First Declaration (22 September 2022)

The representative of Morocco, responding to statements made by Algeria’s delegate, underscored that the dispute over the Moroccan Sahara is about the territorial integrity of her country.  While Morocco has responded to all proposals made by the Secretary-General and his Special Envoy on this matter, Algeria has refused the latter’s framework.  Further, it is taking diplomatic measures against countries that support Morocco’s initiative on this subject and has created and provided the Frente Popular para la Liberación de Saguía el-Hamra y de Río de Oro (Frente POLISARIO) separatist army with weapons and diplomatic support.
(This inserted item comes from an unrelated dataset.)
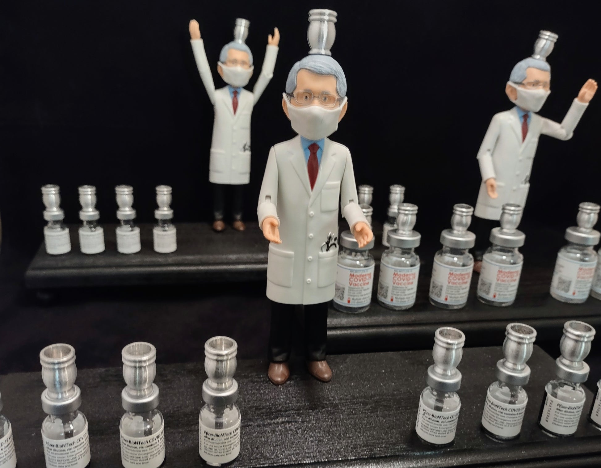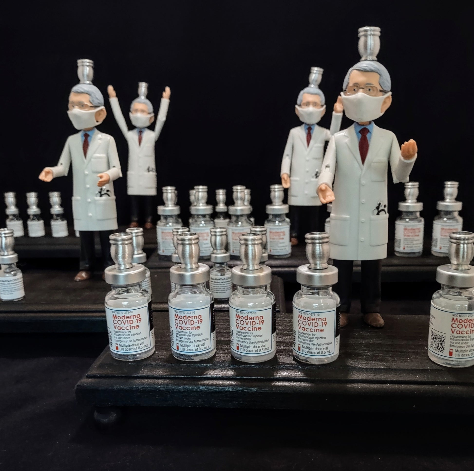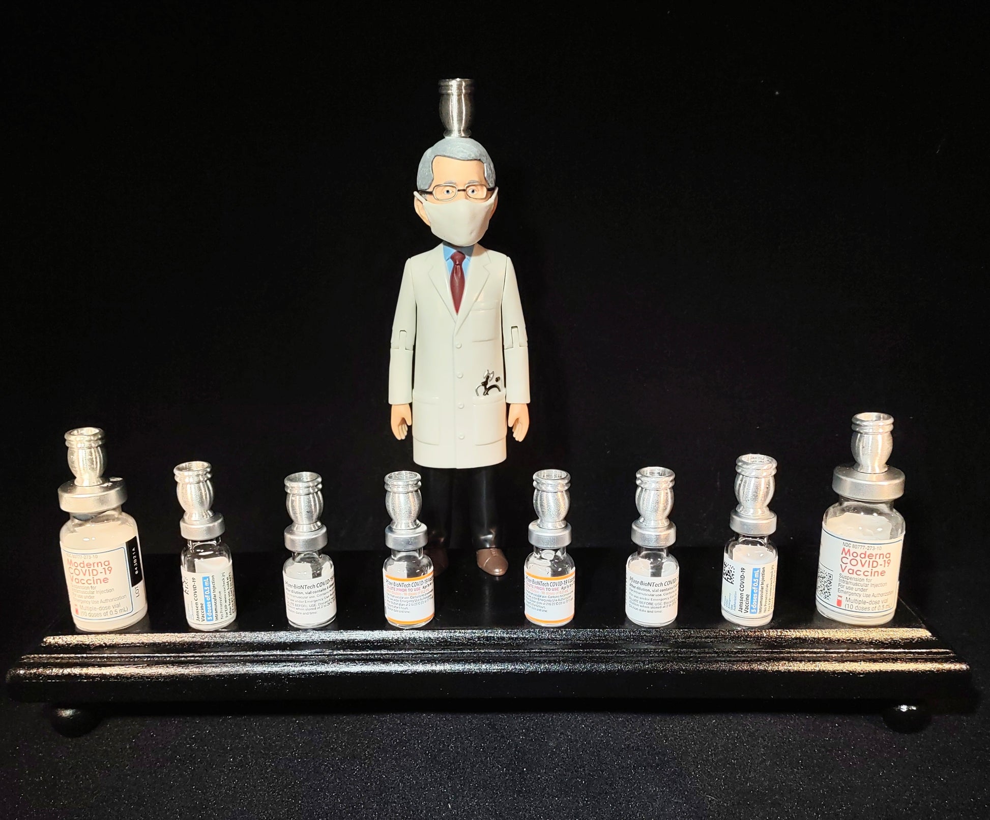 Limited Edition Dr. Fauci COVID19 Vaccine Menorah is hand-crafted with repurposed COVID19 glass vials, Dr. Fauci action figure (with removable mask!), wood base with wood feet, acrylic paint, and aluminum candle cups.

Reiterating that — despite Algeria’s erroneous assertions — this is an issue of Morocco’s territorial unity and not of decolonization, she pointed out that the “referendum” continuously referred to by Algeria is no longer referred to by the Security Council.  It is dead and buried, she stressed, and Algeria will not be able to resuscitate it “because we cannot bring the dead back to life”.  Calling on Algeria to return to round-table negotiations, she said that the people of the Moroccan Sahara enjoy all social, political and civil rights.  She also detailed proven links between Frente POLISARIO and terrorism.

Source: GA/12449

Second Declaration (26 September 2022)

The representative of Morocco, replying to the statements of Algeria, stated that the issue of Moroccan Sahara relates to recovering the territorial integrity of Morocco, not to decolonization.  Morocco recovered the land through peaceful negotiations based on General Assembly and Security Council resolutions, she said, that led to the signing of the Madrid Agreement in 1975.  She pointed out that the Council treats it as a regional dispute, not as decolonization.  Stressing that the region is, has always been and will always be Moroccan, she said that people there are living in stability and full enjoyment of their rights.  In addition, the Council has determined the parameters for the political solution, which 18 consecutive Council meetings since 2017 outlined further.  The solution must be political, realistic, pragmatic, lasting and compromised-based in nature, and the Moroccan Autonomy Initiative embodies that, she emphasized.  Moreover, the round table process is the only framework put forward by the Security Council on the issue since 2018.  That body’s resolutions define the four participants of those round tables — Morocco, Frente Popular para la Liberación de Saguía el-Hamra y de Río de Oro (Frente POLISARIO), Algeria and Mauritania — making “this phantom entity” the Algerian side mentioned this morning not recognized by the United Nations, nor a party to this process.  The Moroccan Government calls upon Algeria to resume its place at the round table as it did previously and in the same format, she said.